Drug use in the past 3 months was assessed with seven items of the ‘Alcohol, Smoking and Substance Involvement Screening Test (ASSIST)’, for example, ‘In the past 3 months, how often have you used cannabis (dagga, marijuana, pot, grass, hash, etc.?’.22 One item was added ‘Whoonga (mixture of heroin, dagga = cannabis and antiretrovirals)’ and classified under opiates.14 ‘Response options ranged from 1 = never to 5 = almost daily. Any drug used in the past 3 months was coded as 1 and never as 0’.14 ‘All items were added together to indicate the prevalence of any drug use in the past 3 months’.14 Cronbach alpha for the ASSIST in this sample was 0.91.

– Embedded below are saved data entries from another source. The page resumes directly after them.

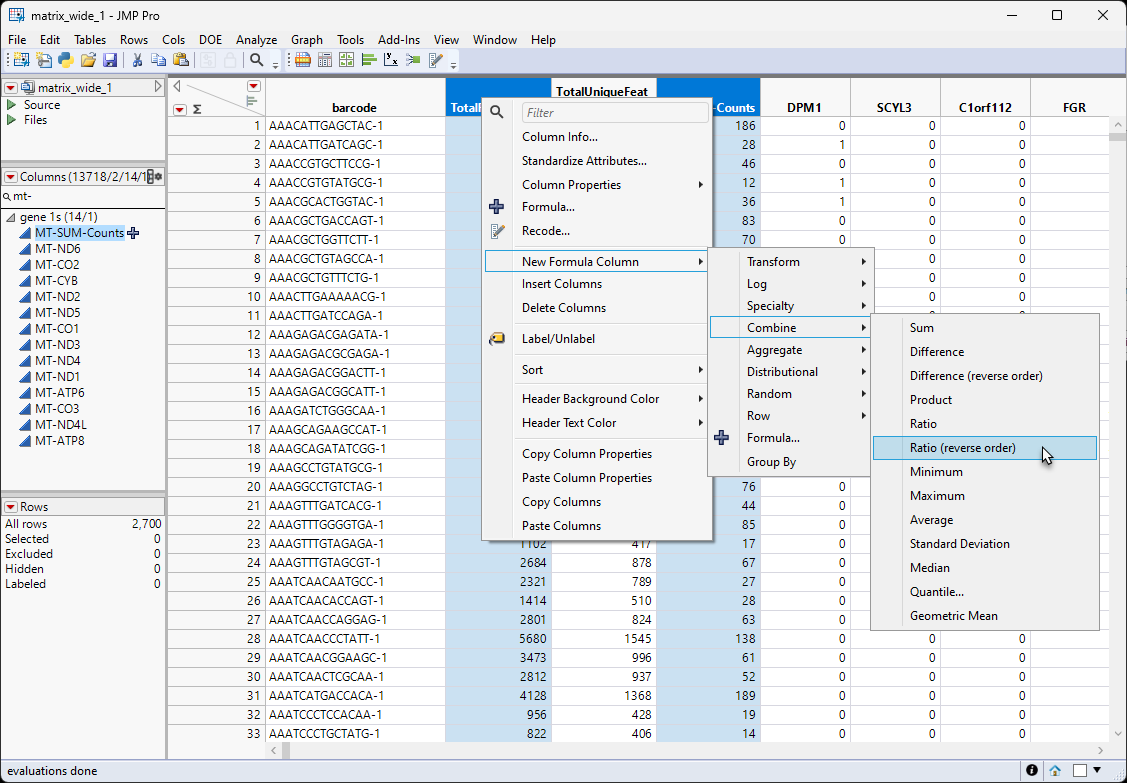 | 8 | Select both the TotalReadCounts and the MT-Sum-Counts columns. Right-click on one of the column names and select New Column Formula > Combine . Ratio (reverse order). |
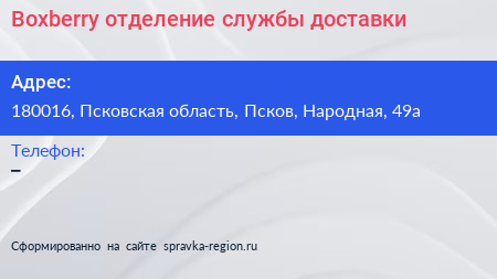 Boxberry, отделение службы доставки по адресу 180016, Псковская область, Псков, Народная, 49а в дальнейшем Организация, размещена в следующих категориях:
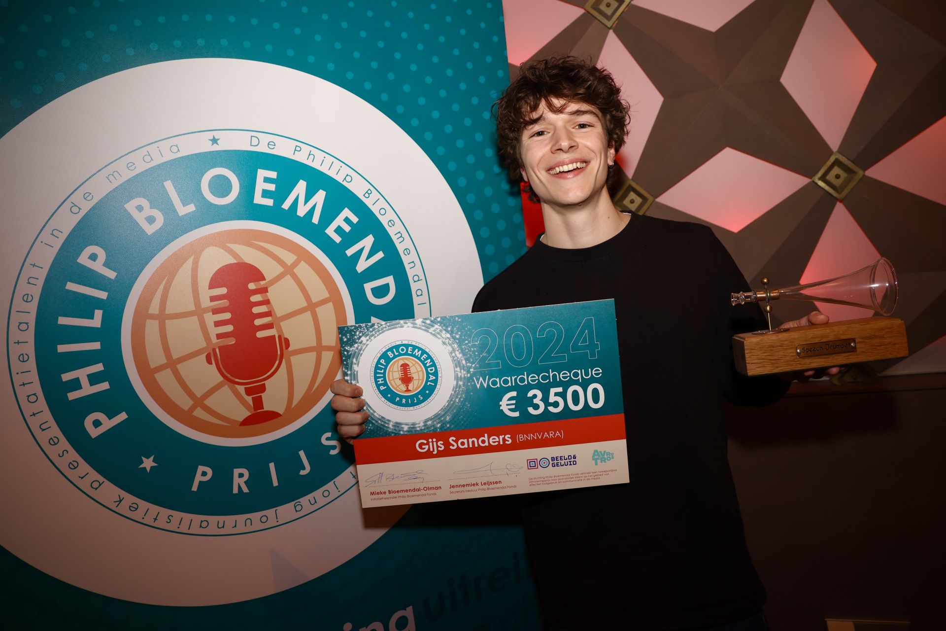 De prijs werd vandaag voor de twaalfde keer uitgereikt live bij Beeld & Geluid. Sanders ontving een cheque ter waarde van 3.500 euro uit handen van Stephan Komduur, de winnaar van 2022. Dit bedrag kan hij besteden aan een opleiding om zich verder te professionaliseren in het vakgebied.
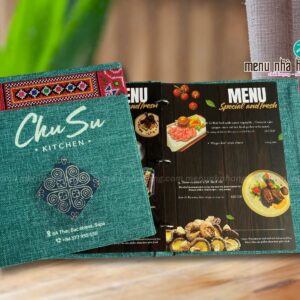 Menu Chu Su Restaurant: Menu này cũng dùng bìa vải, logo được in UV sắc nét. Họa tiết thổ cẩm độc đáo làm nổi bật phong cách Tây Bắc. Ruột là giấy C300 cán màng phổ biến, giúp hình ảnh đẹp và bền màu. Gáy còng Inox tiện lợi, bạn có thể thêm hoặc bớt trang menu một cách dễ dàng.
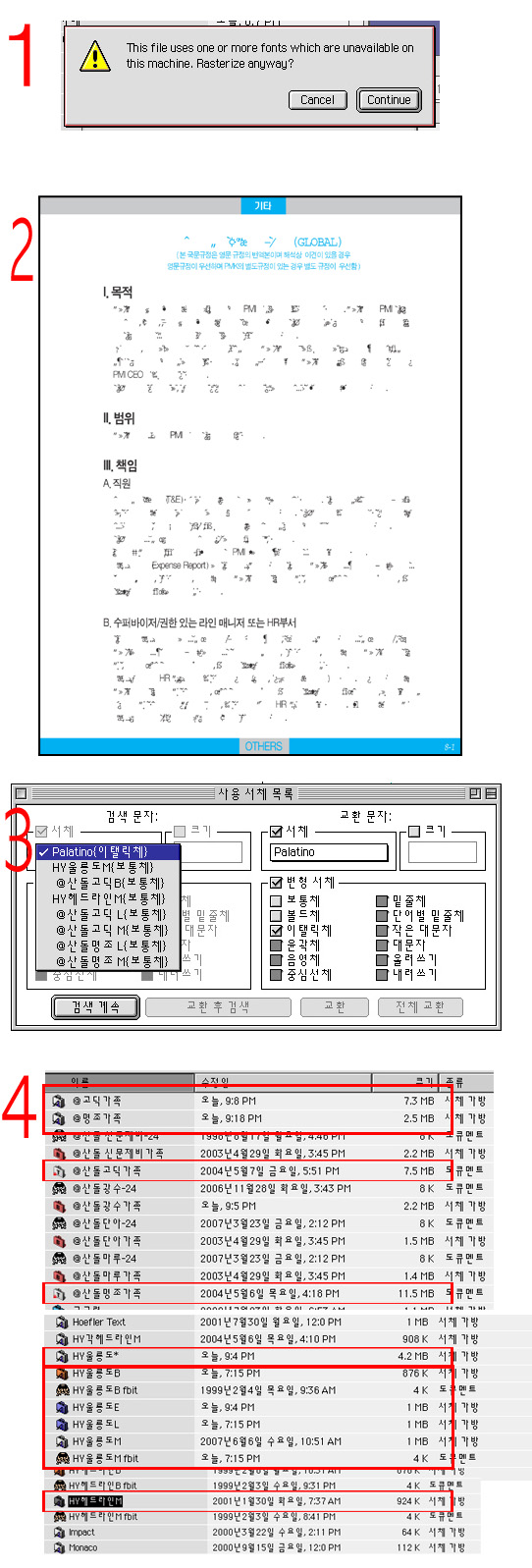 1. 그림과 같이 문구가 나옵니다. 뭐 대략 이시스템에는 없는 서체가 있다. 그래도 열겠나?
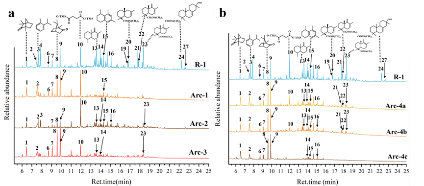 图4 通过Py-GC/MS分析的不同时期出土琥珀制品的总离子色谱图
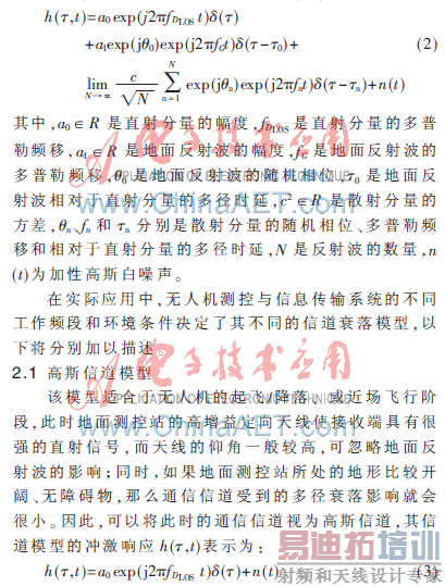 无人机测控与信息传输系统是整个无人机系统设计中的关键,而传输信道则是无人机测控与信息传输系统设计的重要依据。因此,研究无人机测控与信息传输系统的传输信道,不仅对信道的可用性分析、载波频率的选择和无线网络的规划具有重要意义,而且对于传输技术的选择和数字接收机的设计起着至关重要作用。
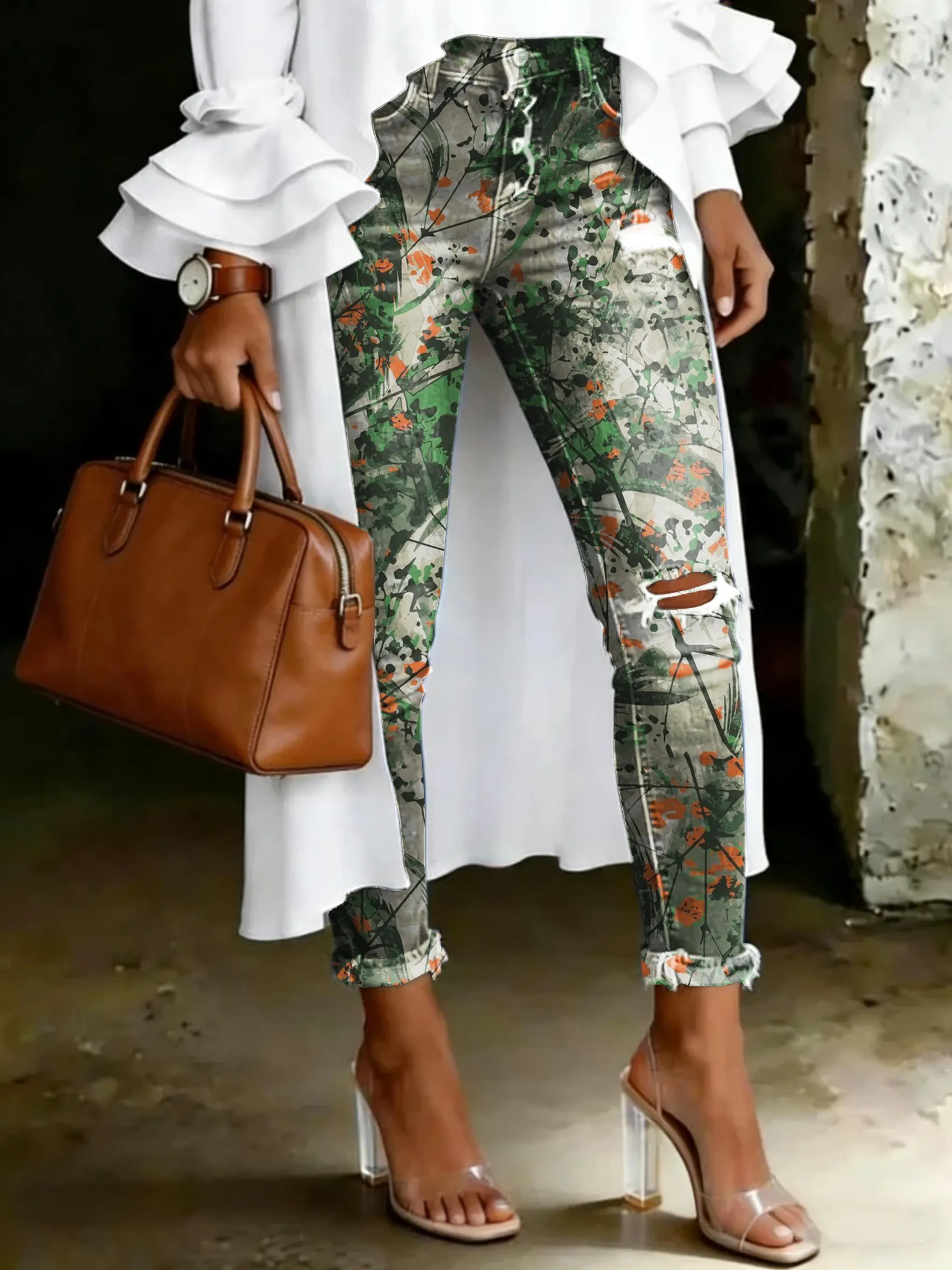 Women's Vintage Leaves Print Casual High-waisted Ripped Skinny Jeans
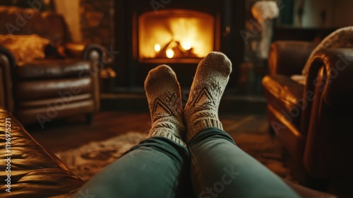 A pair of legs in knitted socks, crossed on a couch in front of a crackling fireplace, creating a cozy home atmosphere.

Sociodemographic factors included age, sex, highest educational level, population group (African black, Coloured, Indian or Asian, white and others), employment status, province and residence status.18 Statistics South Africa asks people to describe themselves in the census in terms of five racial population groups, which is useful because of relevant differences between these population groups in terms of various health and other indicators.10

Psychological distress was assessed with the Kessler Psychological Distress Scale (K10), with scores 20 or more, indicating psychological distress.23 Cronbach’s alpha for the K10 was 0.92 in this sample.

Ethical considerations

Approval for the survey was granted by the ‘Human Sciences Research Council (HSRC) Research Ethics Committee (REC: 4/18/11/15)’. Approval was also granted by the Centers for Disease Control and Prevention (CDC’s) Center for Global Health (CGH). Written informed consent was obtained from all participants.

Data analysis

All statistical analyses were conducted using Statistics and data (STATA) software version 14.0 (Stata Corporation, College Station, TX, United States). The data were weighted to make the sample representative of the target population in South Africa. Descriptive statistics were used to summarise the sample and substance use prevalence characteristics. Unadjusted and adjusted (including variables significant at p < 0.05 in univariate analysis) logistic regression stratified by sex was used to predict HHDA and past 3-month drug use prevalence. Taylor linearisation methods were applied to account for the complex study design and the sampling weight. Results from logistic regression analyses are reported as odds ratios (ORs) and 95% confidence intervals (CIs). Missing values were excluded and p < 0.05 was considered significant.

Results

Characteristics of the sample and substance use

The sample comprised 39 210 persons 15 years and older (Median = 34 years, interquartile range = 25–48): 48.3% were men and 51.7% were women, 36.1% had Grade 12 or more education education and 79.3% were African black by population group or ethnicity. More than one in three participants (36.0%) were employed or self-employed, 69.0% lived in urban areas and 20.4% reported psychological distress. More than one in 10 respondents (10.3%) engaged in HHDA, 16.5% amongst males and 4.6% amongst females, and past 3-month drug use was 8.6%, 13.3% amongst males and 4.1% amongst females (see Table 1).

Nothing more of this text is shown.